座興

 だいぶ酒も回ってきたころ、老人は僕を真正面に据えながら、次のようなことを一気に捲し立てた。

「最近の音楽大学ピアノ科学生、はたまたピアノ講師にいたるまでもが、コルトー、ホロヴィッツ、ミケランジェリ、フランソワ、パデレフスキ、フリードマン、バックハウスといった往年の巨匠たちの演奏はおろか、名前すら知らないという話を聞くに及び、そのあまりの無知に怒りに似た感情すら覚えて、唖然とするとともに、どうしても言いたいことなども湧いて出て、日頃の゙沈黙゙という戒律を破り、この場を借りて、ひとつ、下手な芸術論を、展開してみようと思ったのである。

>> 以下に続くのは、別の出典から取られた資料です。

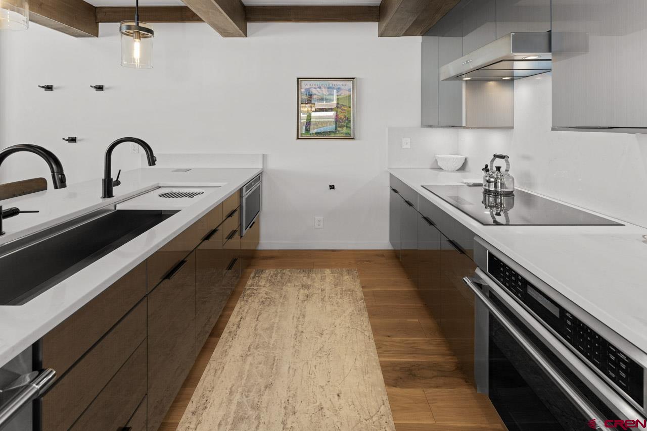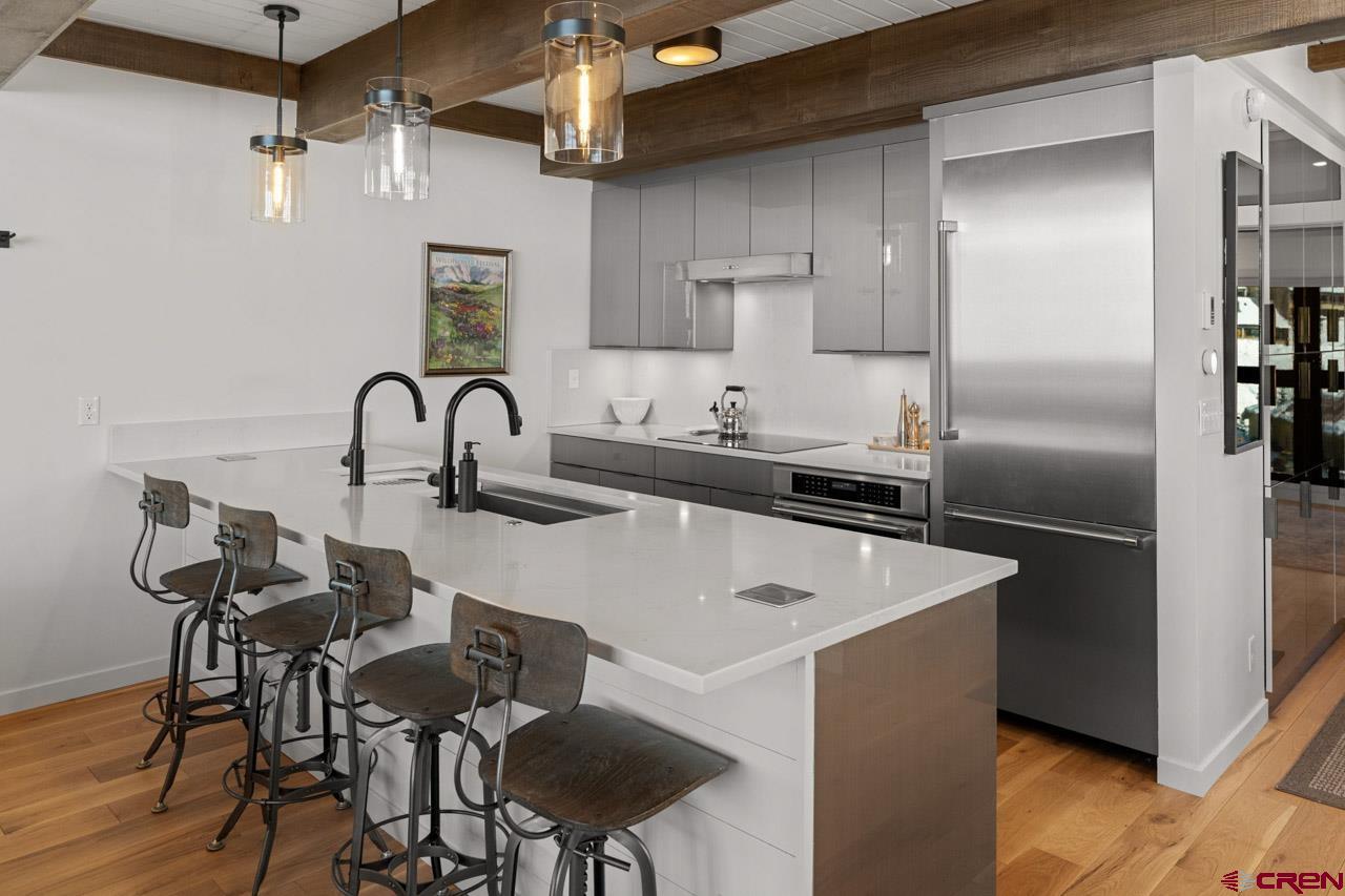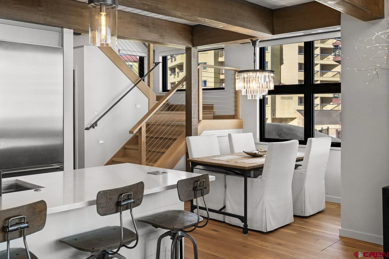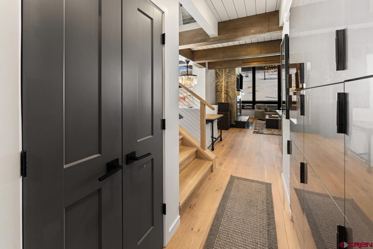 Wow! What an incredible spot on the ski slopes! This offering is a one-of-a-kind mountain retreat featuring an incomparable ski in-ski out location next to Crested Butte's main high speed quad lift: The Silver Queen. Renovated from the studs and completed in 2019, the home now features a raised second floor level creating 18-foot ceilings in the great room. During construction, structural and exposed oak beams were added along with the whitewashed tongue-and-grove wood ceilings, in-floor heating, new plumbing and electrical systems, new energy efficient windows and top of the line motorized Lutron blinds and Hunter Douglas Silhouttes. The interior enjoys Restoration Hardware furnishings and lighting, a Camino Vintage Candelabra 2-tier chandelier and a custom wood-burning fireplace with a white quartz mantle on a black granite hearth. The dining area seats six and is adorned with a spectacular 1920s 3-Tier Odeon Crystal Fringe chandelier. The kitchen footprint and cabinetry is complimented by stunning UltraLux contemporary high-gloss cabinets, under-cabinet lighting, Thermador stainless appliances, and white quartz stone countertops with an island bar with seating for four. The modern staircase sports a custom iron and oak banister with cable railing and wide plank white oak steps and risers. There are two well appointed primary bedrooms with beautiful ensuite baths. The lofted space currently functions as a second living area. Outside, the spacious Trex deck features a hot tub, a storage closet and a dramatic view of the skiing and the peak like no other.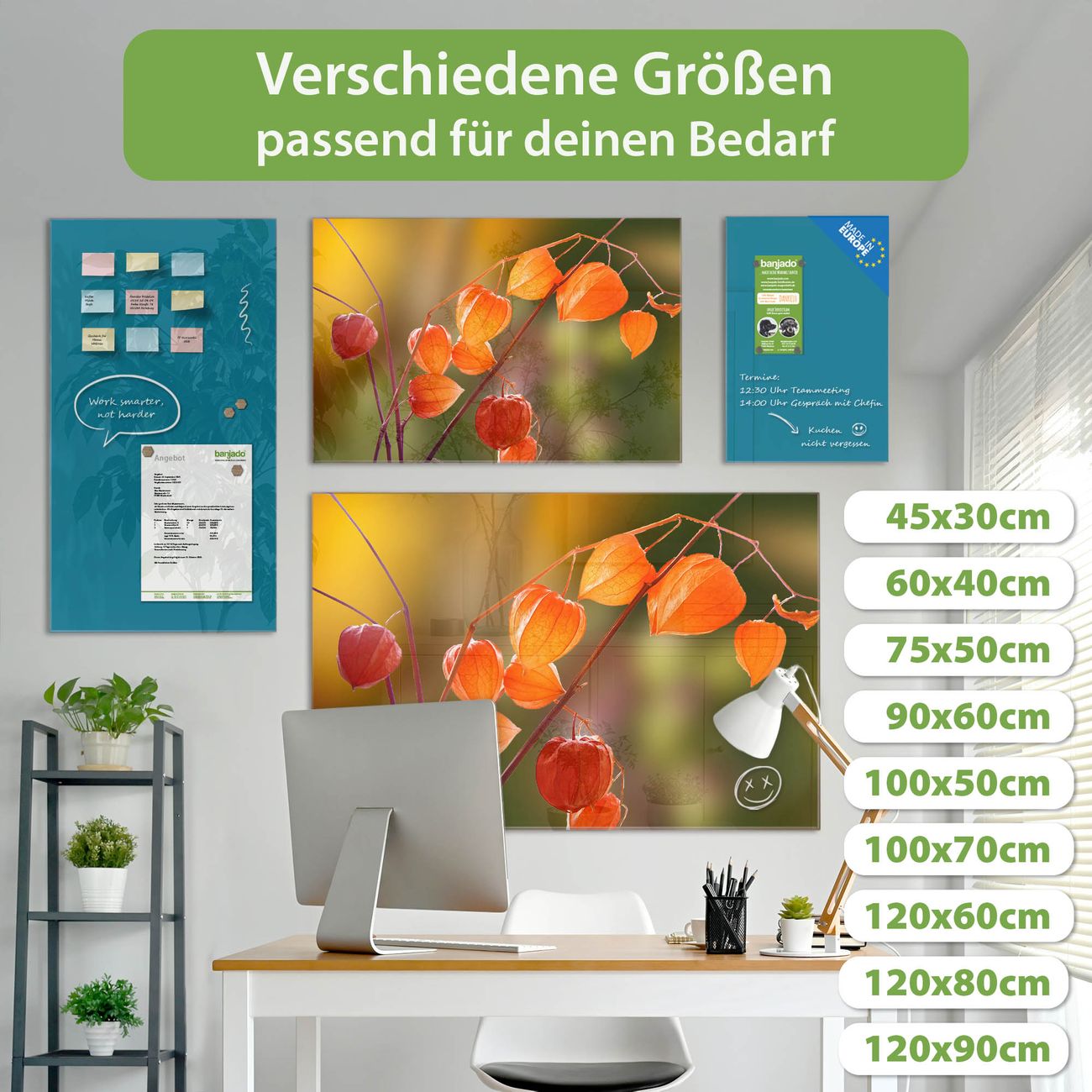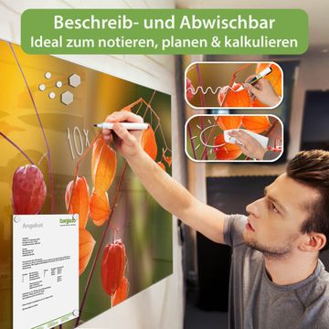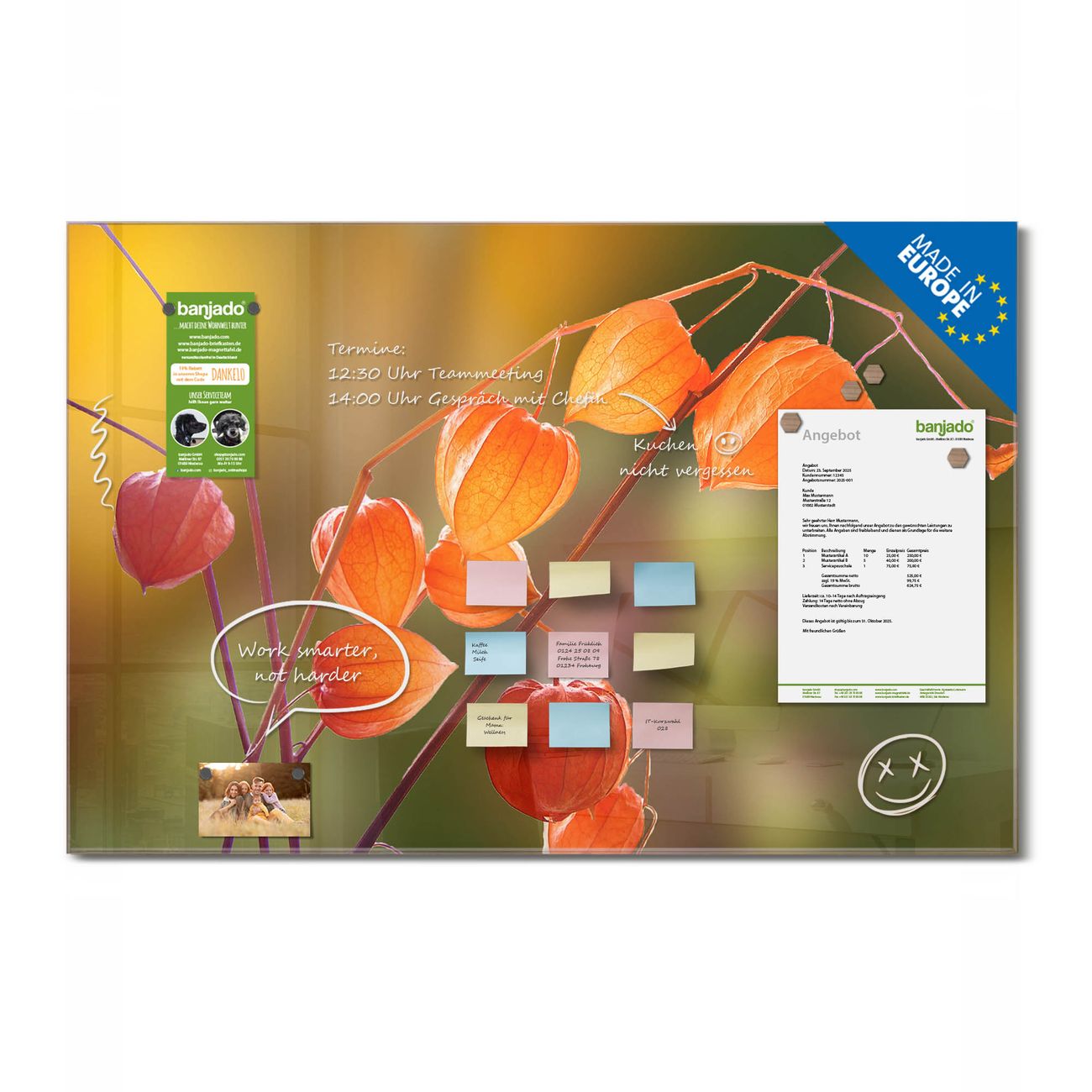 Die banjado Glas Magnettafel mit dem Motiv Motiv Lampionblume verbindet Funktionalität mit Stil. Sie ersetzt das Zettelchaos durch klare Strukturen und bringt dabei eine warme, natürliche Atmosphäre in Ihr Zuhause. Ob im Büro, in der Küche oder im Eingangsbereich - dieses Design-Board zieht Blicke an und sorgt für Ordnung mit Charakter.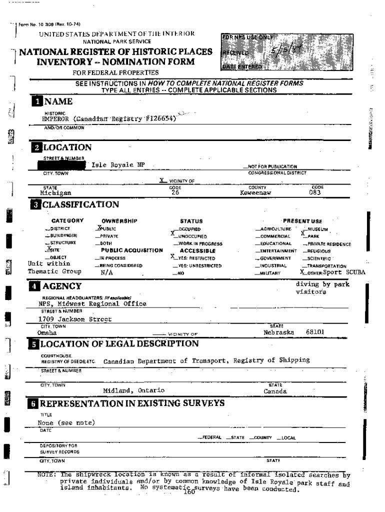 Form No. 10306 (Rev. 1074)UNITED STATES DEPARTMENT OF THE INTERIOR NATIONAL PARK SERVICENATIONAL REGISTER OF HISTORIC PLACES INVENTORY NOMINATION FORM FOR FEDERAL PROPERTIES SEE INSTRUCTIONS IN HOW

 これらの偉大な巨匠たちの録音は何度もCDに復刻され、インターネット上でもほぼその全てを容易に聴くことができる。少しでもピアニストやピアノ演奏史にまつわる文献を読んだことがある者なら、必ずその名を目にするような大人物ばかりである。もちろん全てを知ることなどできやしないし、その必要もないのだが、本当にピアノを、音楽を愛している人間ならば、これらの巨匠たちの演奏に触れる機会は避けて通ってこられるはずのないものだ。まがりなりにも、ピアノを専門に勉強している者や、それを教えて飯を食ってるような人間ならば、当然知っているべきこと、経験しているべきことなのである。はたして彼らはピアノを、音楽を、真剣に愛しているのだろうか。怠惰で不勉強な自称音楽家たちを許すまじ!
 それと同時に、腑に落ちた部分があったのも事実だ。つまり、過去に達成された鍵盤上の偉業を知らぬが故に、現代の若い演奏家たちは、その驚くほどコントラストに欠けた一本調子のつまらない演奏に甘んじ、満足していられるというわけだ。現代の演奏家の最大の目的は、いかにミスタッチを少なくするかというところにあり、それに熱中するあまり、音色、アゴーギク、デュナーミクの変化にまで頭が回らない。当人たちはそれを否定するかもしれないが、演奏にそれが表れてしまっているのだから仕様がない。つまり、恐ろしいほど間違った音を鳴らさないと同時に、(顔の表情や身振りの大袈裟な変化とは裏腹に)最初から最後まで呆れるほど平坦な演奏に終始しているのだ。
 そしてミスタッチが少ないが故に、そのほんの数回聞こえただけの僅かな間違った音が、まるで真っ白な生地のうえにできた一点のシミのように、不快に目立つという結果に陥るのである。皮肉なことに、間違った音を鳴らさないようにすればするほど、たった一回のミスタッチをより際立たせることになるのだ。そのような演奏を聴いた人々の感想の中には、その記録的偉業とでもいうべき少ないミスタッチの音が、悪魔のようにこびりついて離れない(゙あのミスタッチさえなければ完璧だった”とか、゙素晴らしい、たった○回しかミスをしなかった”だとか)。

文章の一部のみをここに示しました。